How to complete this task — Your answer must be an exact repeat of the lines from the one containing "しかもこれ、家の中に作られち" through the last line of the records, both included, with no pictures.

Material for the task —
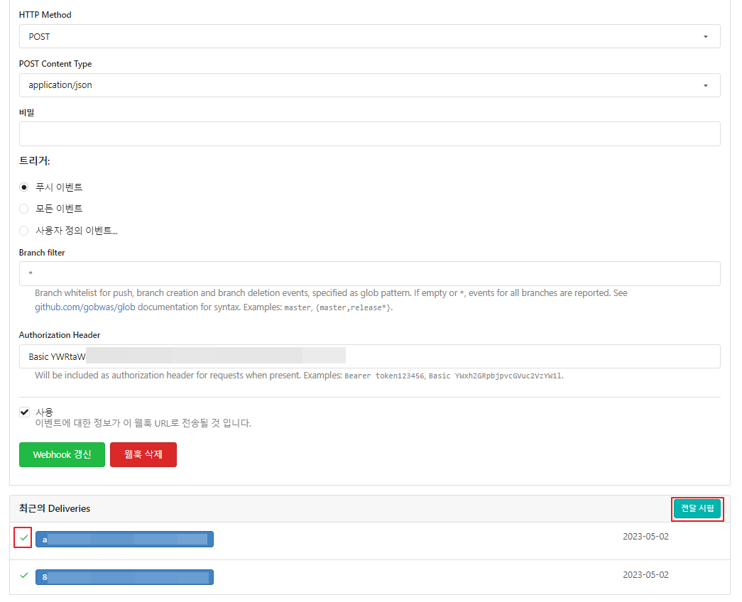 만들어놓은 gitea의 웹훅에 들어가보면 아래쪽에 '전달 시험' 버튼이 있다.
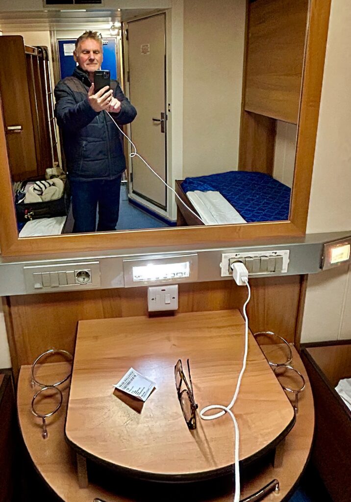 Nach drei Tagen Autofahrt endlich auf der Fähre. Abfahrt der Fähre von Barcelona um 21.30. Ankunft auf Mallorca um 6.30. Diesmal eine Kabine ohne Fenster. Einsparung von 25€.
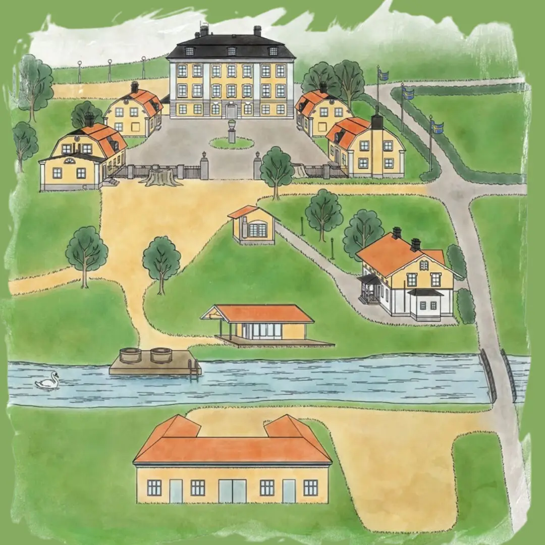 Områdeskartan ger en överblick över herrgården, byggnaderna runt omkring och naturen som ramar in hela vistelsen. Allt finns nära, men inget stör.
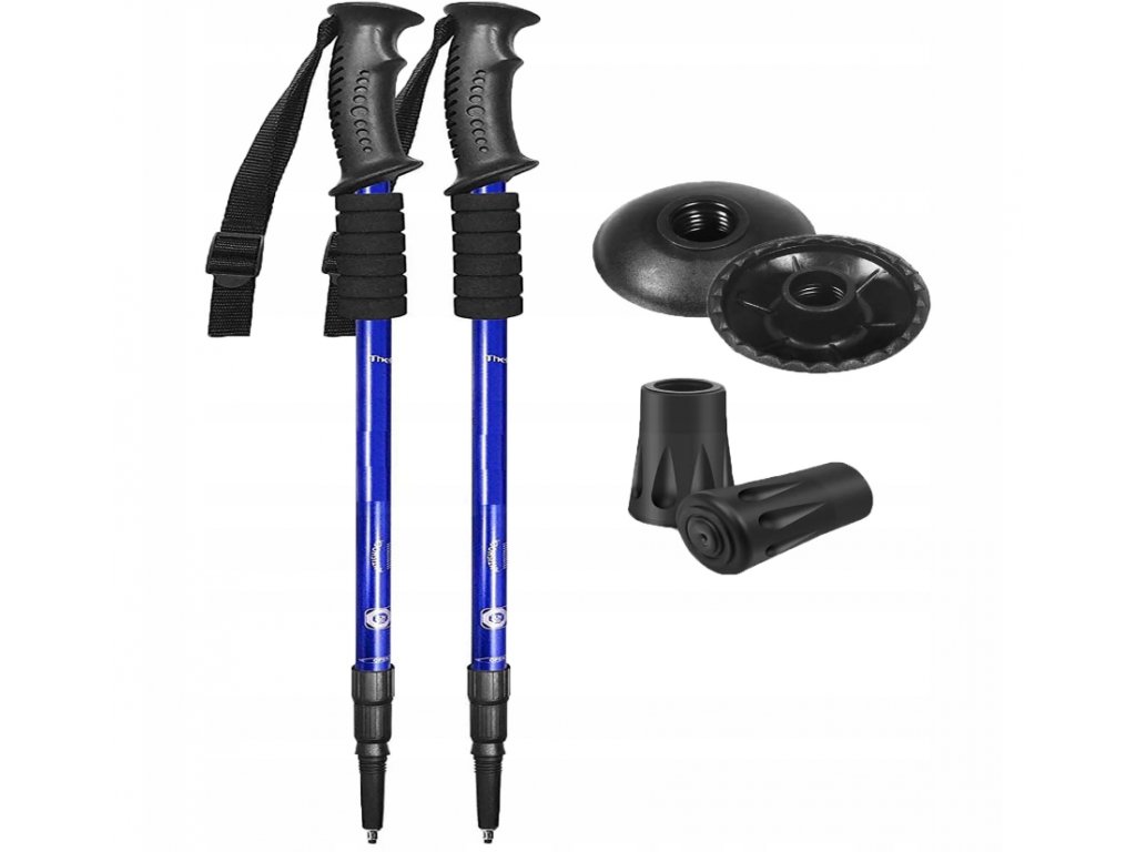 Teleskopické hole na nordic walking - specifikace: nastavitelná délka 67-135 cm, materiál: hliník, ergonomicky tvarovaná rukojeť, tvrzený hrot zajišťuje přilnavost v terénu, mají systém tlumení Antishock, včetně plastové desky pro turistiku ve sněhu, obsahují překryvy, které vám umožní chodit po jakémkoli povrchu, praktický nastavitelný popruh, možnost použití různých tipů,
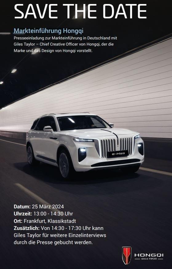 Sehr geehrte Pressevertreterinnen,Sehr geehrte Pressevertreter, wir möchten Sie herzlich zur offiziellen Markteinführung der Marke Hongqi einladen: Montag, 25.03.2024Klassikstadt FrankfurtOrber Str. 4a · 60386 Frankfurt am Main Weitere Informationen zur Marke werden wir ab dem 25.03.2024 kommunizieren. Wir freuen uns über Ihre Rückmeldung bis zum 18.03.2024 unter: jessica.hill@torpedo-gruppe.de Eventdatum: Montag, 25. März 2024 13:00 – 14:30…Continue reading Markteinführung Hongqi (Sonstiges | Frankfurt am Main)
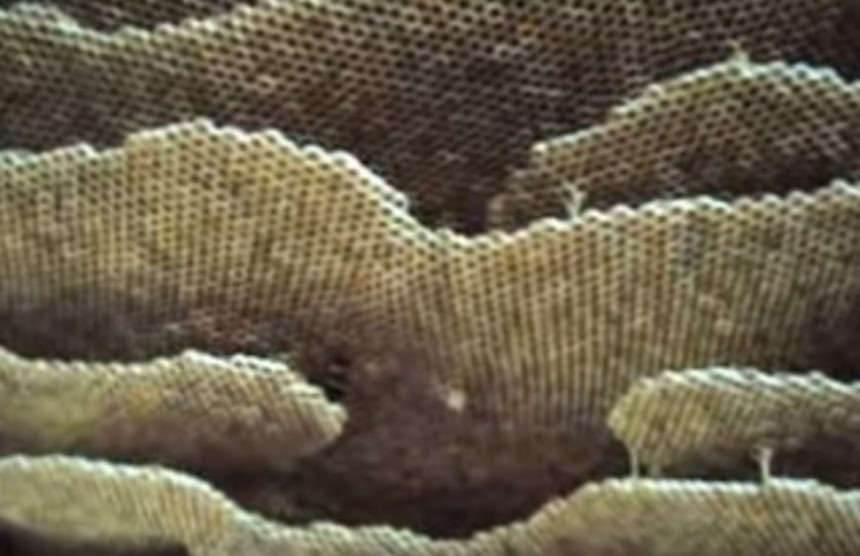 しかもこれ、家の中に作られちゃったというんだから驚きだ。いつも使っていない部屋だったのか、スズメバチの働きっぷりが音速レベルだったとか、いろんなことが想定されるが、折り重なった半球形の巨大な建造物。もうこれはアートだな。
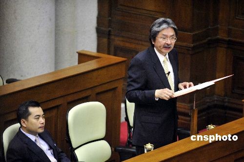 二月二十五日,香港特區(qū)財政司司長曾俊華在立法會大樓會議廳向立法會提交二零零九至二零一零年度財政預算案。中新社發(fā) 譚達明 攝

Answer for the task —
 しかもこれ、家の中に作られちゃったというんだから驚きだ。いつも使っていない部屋だったのか、スズメバチの働きっぷりが音速レベルだったとか、いろんなことが想定されるが、折り重なった半球形の巨大な建造物。もうこれはアートだな。
 二月二十五日,香港特區(qū)財政司司長曾俊華在立法會大樓會議廳向立法會提交二零零九至二零一零年度財政預算案。中新社發(fā) 譚達明 攝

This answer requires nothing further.